**WORK TO BE COMPLETED**
Would you please repeat exactly the entries below, starting at the line with "下記期間(4月4日〜4月8日)の営業時間が変更になります。" and ending at the line with "echo cancellation technology", and nothing outside that range? Leave out the pictures.

**THE INPUT**

◆ ◆ ◆ ◆ ◆ ◆ ◆

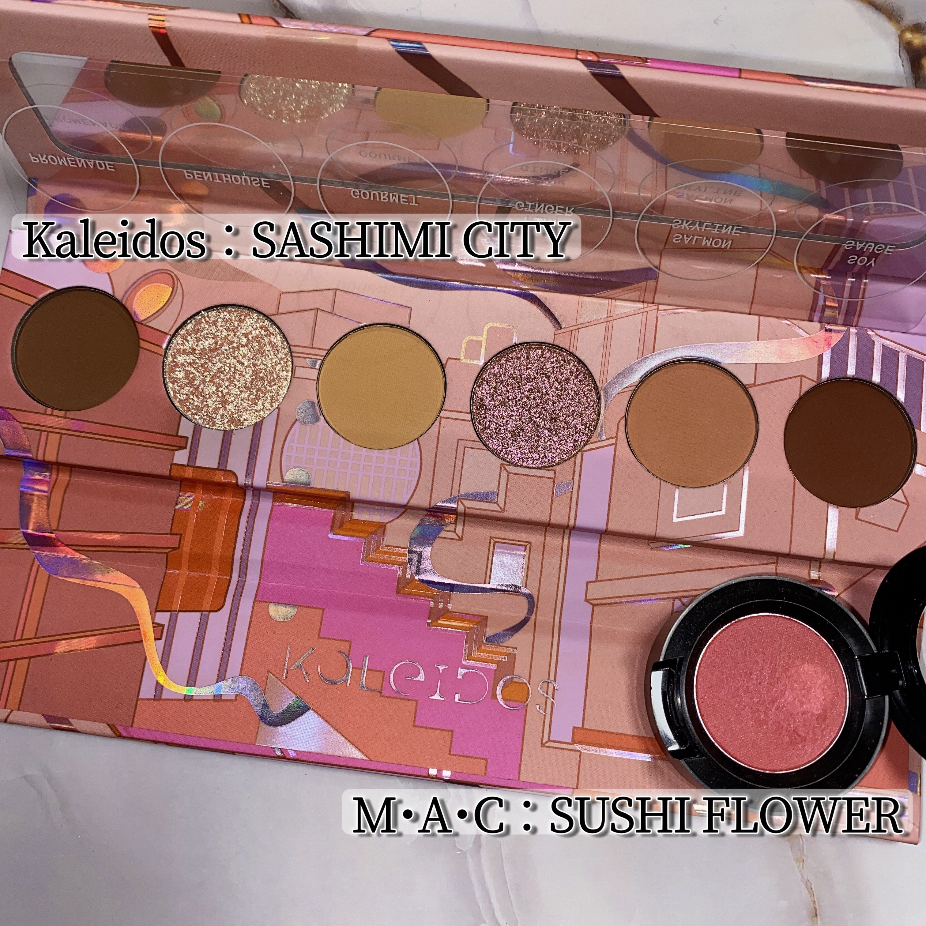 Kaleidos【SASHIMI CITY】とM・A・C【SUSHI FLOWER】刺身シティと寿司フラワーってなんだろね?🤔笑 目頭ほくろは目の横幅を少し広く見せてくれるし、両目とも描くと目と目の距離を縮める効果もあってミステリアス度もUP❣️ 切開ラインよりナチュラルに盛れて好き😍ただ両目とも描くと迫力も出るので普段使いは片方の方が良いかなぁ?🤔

◆ ◆ ◆ ◆ ◆ ◆ ◆

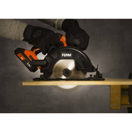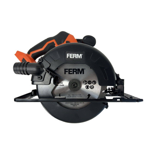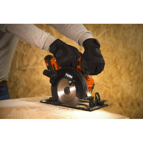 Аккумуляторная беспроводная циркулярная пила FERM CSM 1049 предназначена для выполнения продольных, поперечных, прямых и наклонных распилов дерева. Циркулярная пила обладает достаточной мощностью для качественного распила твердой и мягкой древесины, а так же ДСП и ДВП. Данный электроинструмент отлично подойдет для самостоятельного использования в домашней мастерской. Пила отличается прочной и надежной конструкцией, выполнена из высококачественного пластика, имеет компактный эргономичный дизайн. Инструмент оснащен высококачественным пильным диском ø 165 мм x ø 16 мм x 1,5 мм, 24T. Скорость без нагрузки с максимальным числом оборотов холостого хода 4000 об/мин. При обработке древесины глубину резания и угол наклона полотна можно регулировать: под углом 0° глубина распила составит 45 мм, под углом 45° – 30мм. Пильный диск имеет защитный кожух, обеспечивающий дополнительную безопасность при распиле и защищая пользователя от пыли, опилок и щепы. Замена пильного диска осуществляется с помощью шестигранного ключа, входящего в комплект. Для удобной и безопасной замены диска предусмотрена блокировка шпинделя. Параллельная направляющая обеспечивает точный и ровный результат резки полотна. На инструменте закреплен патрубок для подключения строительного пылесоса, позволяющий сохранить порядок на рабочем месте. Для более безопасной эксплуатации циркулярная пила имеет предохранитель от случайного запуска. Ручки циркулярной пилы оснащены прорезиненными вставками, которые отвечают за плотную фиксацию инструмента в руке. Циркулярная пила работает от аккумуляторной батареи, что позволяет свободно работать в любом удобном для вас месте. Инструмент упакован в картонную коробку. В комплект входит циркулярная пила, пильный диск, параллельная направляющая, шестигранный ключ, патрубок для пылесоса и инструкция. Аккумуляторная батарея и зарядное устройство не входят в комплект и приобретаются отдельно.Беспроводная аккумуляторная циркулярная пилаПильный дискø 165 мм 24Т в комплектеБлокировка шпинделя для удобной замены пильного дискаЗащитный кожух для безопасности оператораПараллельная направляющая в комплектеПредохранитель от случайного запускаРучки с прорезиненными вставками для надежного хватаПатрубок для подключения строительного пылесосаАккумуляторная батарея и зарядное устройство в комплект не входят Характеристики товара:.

◆ ◆ ◆ ◆ ◆ ◆ ◆

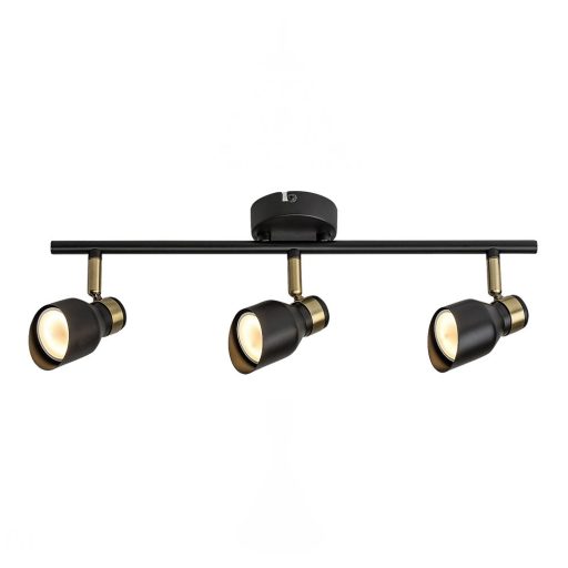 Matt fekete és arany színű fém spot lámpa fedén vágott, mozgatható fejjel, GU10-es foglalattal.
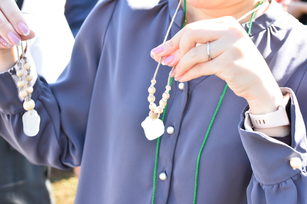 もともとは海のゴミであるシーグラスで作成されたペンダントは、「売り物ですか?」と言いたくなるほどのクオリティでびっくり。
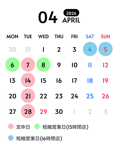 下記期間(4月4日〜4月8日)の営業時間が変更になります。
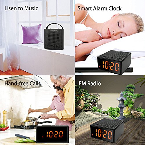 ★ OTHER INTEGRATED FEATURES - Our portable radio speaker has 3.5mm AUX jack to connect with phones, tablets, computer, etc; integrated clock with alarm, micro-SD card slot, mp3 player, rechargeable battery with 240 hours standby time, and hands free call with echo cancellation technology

◆ ◆ ◆ ◆ ◆ ◆ ◆

**FINISHED EXERCISE**
 下記期間(4月4日〜4月8日)の営業時間が変更になります。
 ★ OTHER INTEGRATED FEATURES - Our portable radio speaker has 3.5mm AUX jack to connect with phones, tablets, computer, etc; integrated clock with alarm, micro-SD card slot, mp3 player, rechargeable battery with 240 hours standby time, and hands free call with echo cancellation technology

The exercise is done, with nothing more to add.